Mountain Snowpack 1 Course (also Module 5 of Level 1)
Here is the complete description for this course. This is a mirror of what is posted as part of the course inside dokeos. All of the instructional details are included - the narrative description, topics, specific objectives, outline, assessment information, resources available, and course material information.
Since this course is presented online at your own pace and has assessments we can guarantee that nothing will be left out. There are no time constraints, no outside factors that may require shortening the course or omitting anything, and no way to complete the course without passing the numerous short assessments. We can guarantee that everything posted below will be exactly as stated here.
This course/module is the first of two on the mountain snowpack in the Level 1 Avalanche Class curriculum. The Level 1 course began around 2006 and was developed and supported by AlpenPro and is offered here in the Avalanche Institute. The new, improved and updated version of this Snowpack 1 course/module was released in March of 2021.

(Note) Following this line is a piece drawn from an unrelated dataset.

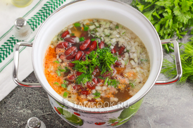 Измельчите свежую зелень и добавьте в суп вместе с лавровыми листьями. Отварите еще 10-15 минут, до мягкости фасоли и картофельной нарезки.
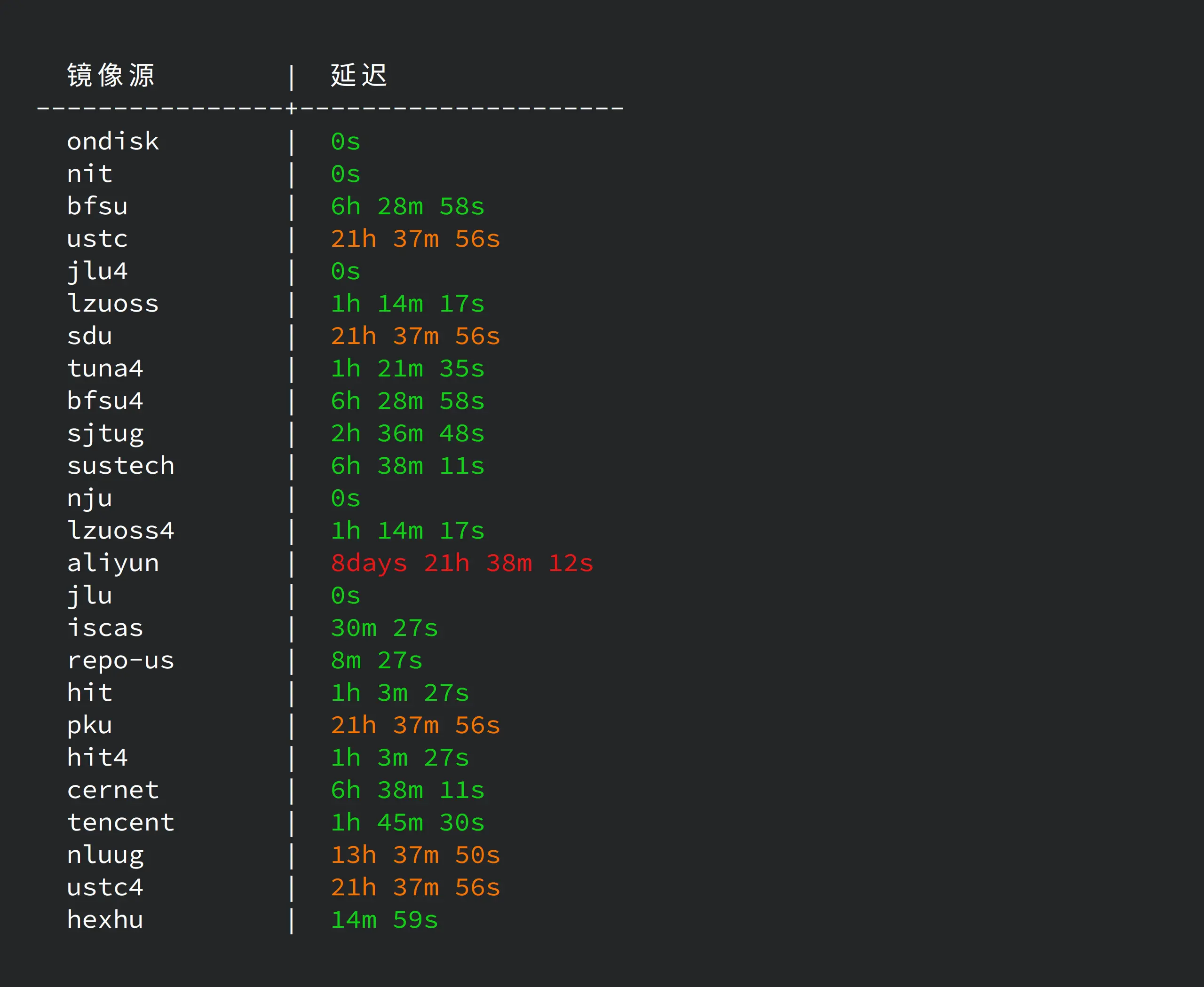 为帮助大家选用更新及时且下载速度较好的镜像,我们在 oma 1.23 引入了 oma mirror latency 命令,可一站式地测试所有镜像源相对于社区官方源的延迟:

The only pre-requisite for this course/module is Module 1 - Preliminary (or Background) Material. Which is included if you are taking this course on its own. In the Level 1 course this module is a prerequisite for the first field day, the Snowpack 2 module, and some advanced modules beyond Level 1.
The module covers the basic nature and features of the mountain (inclined) snowpack, introduces some of the properties of snow, and describes basic non-snowpit observations to be made in order to construct a "big picture" of snowpack stability. The emphasis is on basic and applied topics with a little background theory to provide insight and understanding and to build a basis for further studies.
The first short section introduces the course and workbook.
This main course/module covers three general topics:
- Introduction to the Mountain Snowpack
- Properties and Behaviors of Snow
- Basic Observations
The concluding section wraps up the course and encourages plans for further learning.
Each of these is broken down further into sub-topics within the course, the Outline on this page shows more detail.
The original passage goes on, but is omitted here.